> **Problem description**: Since pictures are not part of the copy, please output only the lines from the one with "Tambien se puede" through the end of the data below, exactly as written.

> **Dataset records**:
--------------------------------
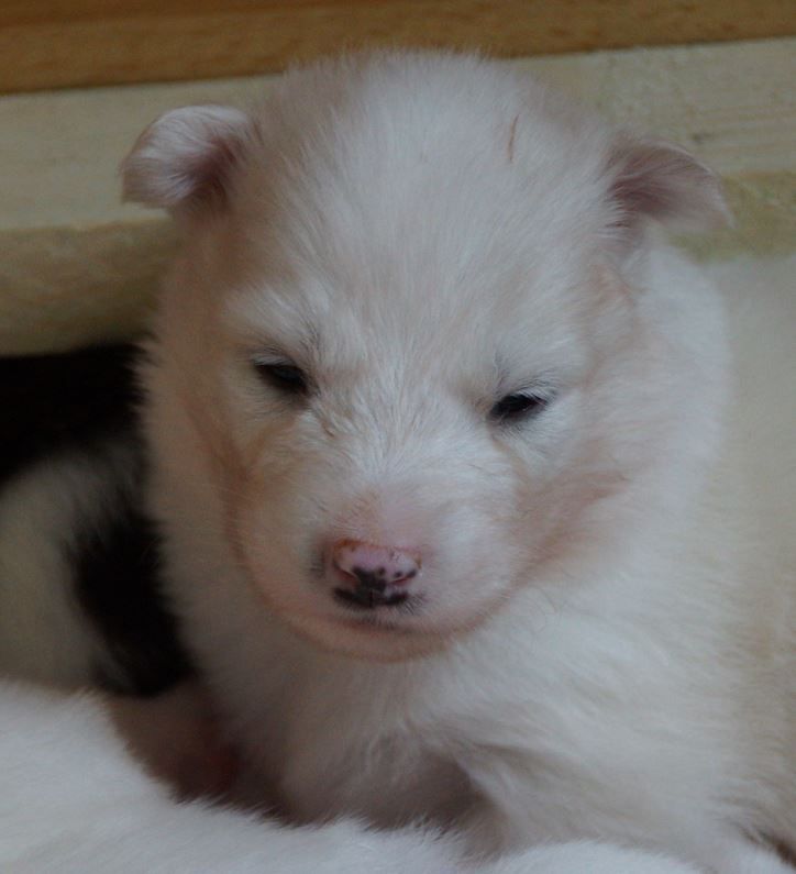 Kalevi wurde am Sonntag, 16.06.2024, um 06:05 Uhr als erster Welpe (dunkelblau) mit 320g geboren und war der Kleinste von allen. Kalevi gehört zum Rudel von Irene und Markus
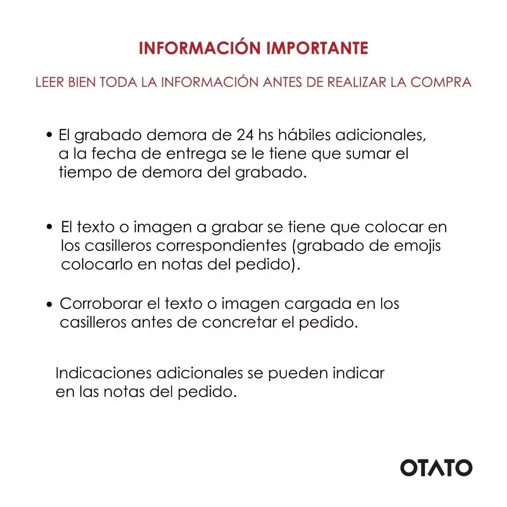 Tambien se puede hacer un segundo grabado en la otra cara, podes grabar dedicatorias, frases, nombres y muchas opciones mas.
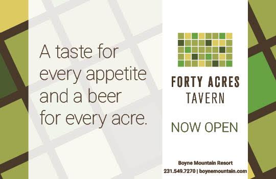 It has a taste for every appetite and a beer for every acre. Introducing Forty Acres Tavern at Boyne Mountain Resort. Sit slopeside this Saturday from 5-9 p.m. for the Grand Opening Celebration of this newly renovated tavern - equal parts watering hole and refueling station. Learn the story behind the name and sample the menu - elevated pub fare with a roster of 40 beers. Register to win a Ski & Stay package that includes dinner at Forty Acres Tavern with the winner chosen at 9 pm. It's forty-acres-worth of fun! Menu, details and the story behind the name. News-Review story.
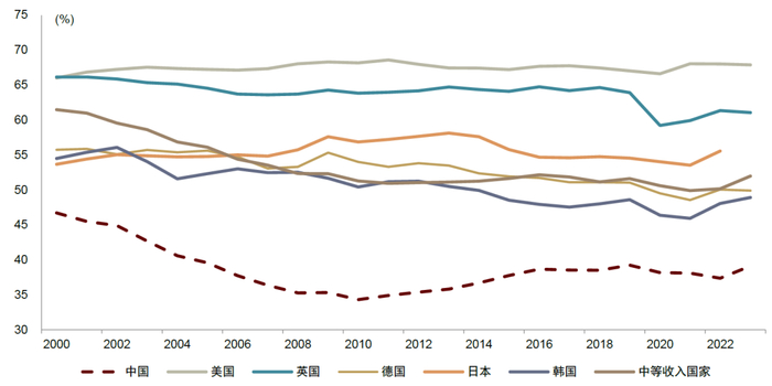 注:日本数据公布截至2022年,其他截至2023年资料来源:世界银行,Wind,中金公司研究部
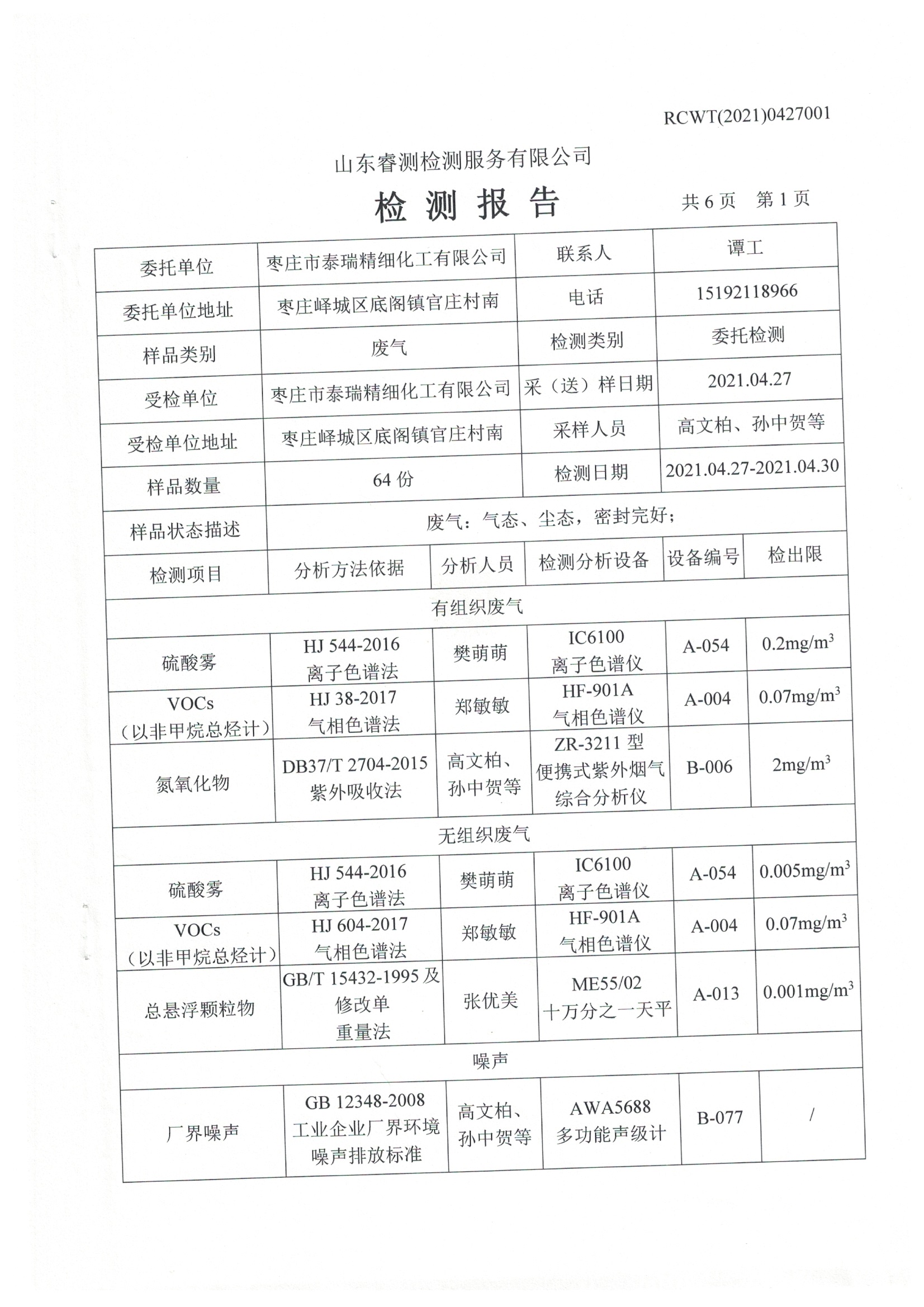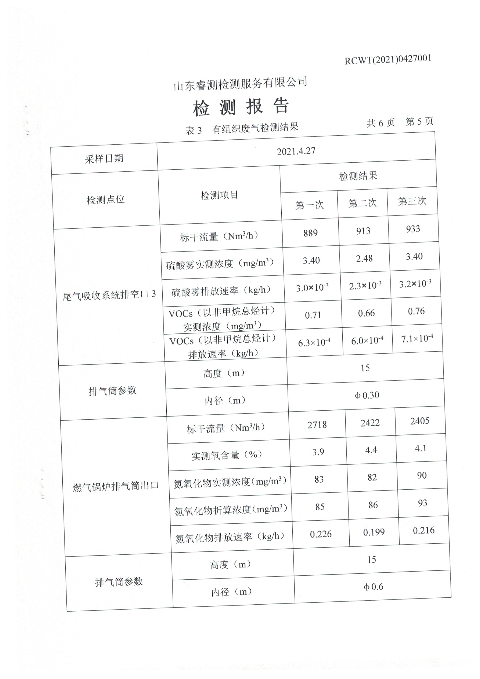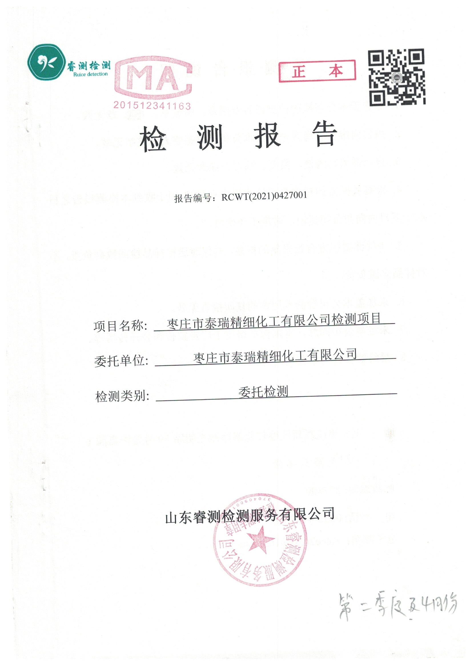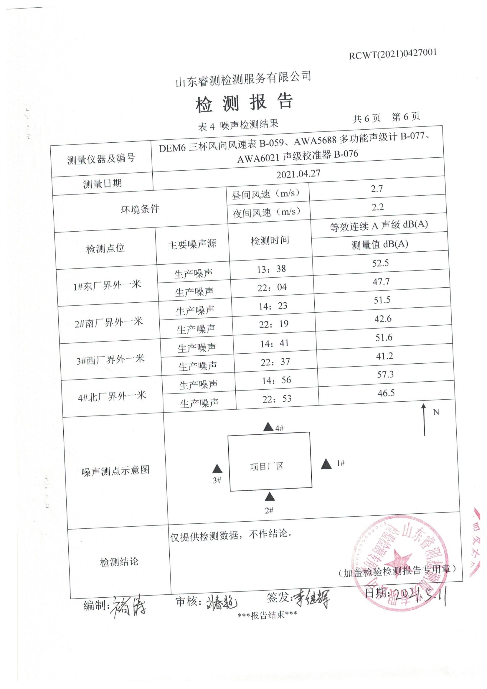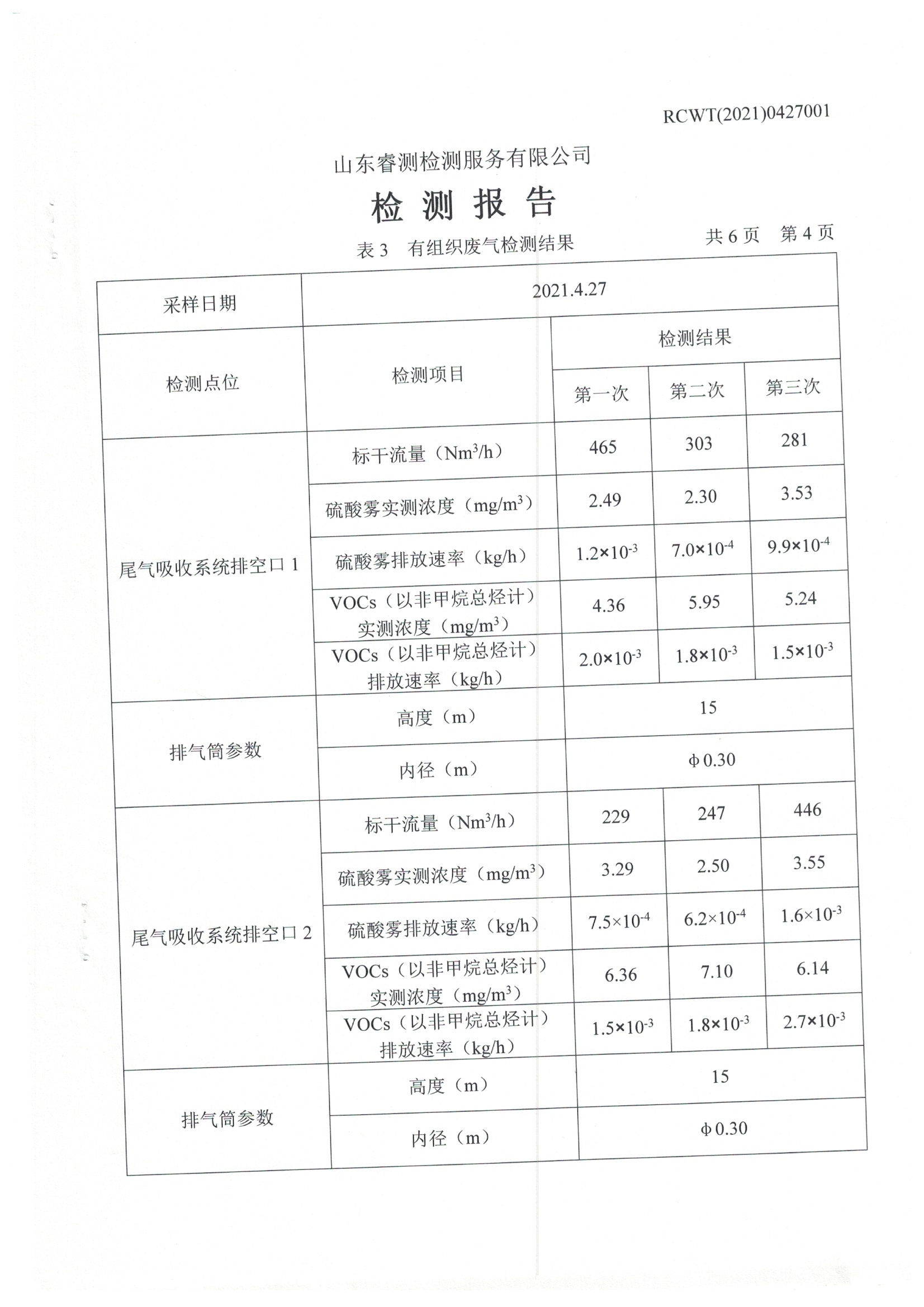 2021年4月份及季度自行檢測(cè)報(bào)告
--------------------------------
> **Response to this task**:
 Tambien se puede hacer un segundo grabado en la otra cara, podes grabar dedicatorias, frases, nombres y muchas opciones mas.
 It has a taste for every appetite and a beer for every acre. Introducing Forty Acres Tavern at Boyne Mountain Resort. Sit slopeside this Saturday from 5-9 p.m. for the Grand Opening Celebration of this newly renovated tavern - equal parts watering hole and refueling station. Learn the story behind the name and sample the menu - elevated pub fare with a roster of 40 beers. Register to win a Ski & Stay package that includes dinner at Forty Acres Tavern with the winner chosen at 9 pm. It's forty-acres-worth of fun! Menu, details and the story behind the name. News-Review story.
 注:日本数据公布截至2022年,其他截至2023年资料来源:世界银行,Wind,中金公司研究部
 2021年4月份及季度自行檢測(cè)報(bào)告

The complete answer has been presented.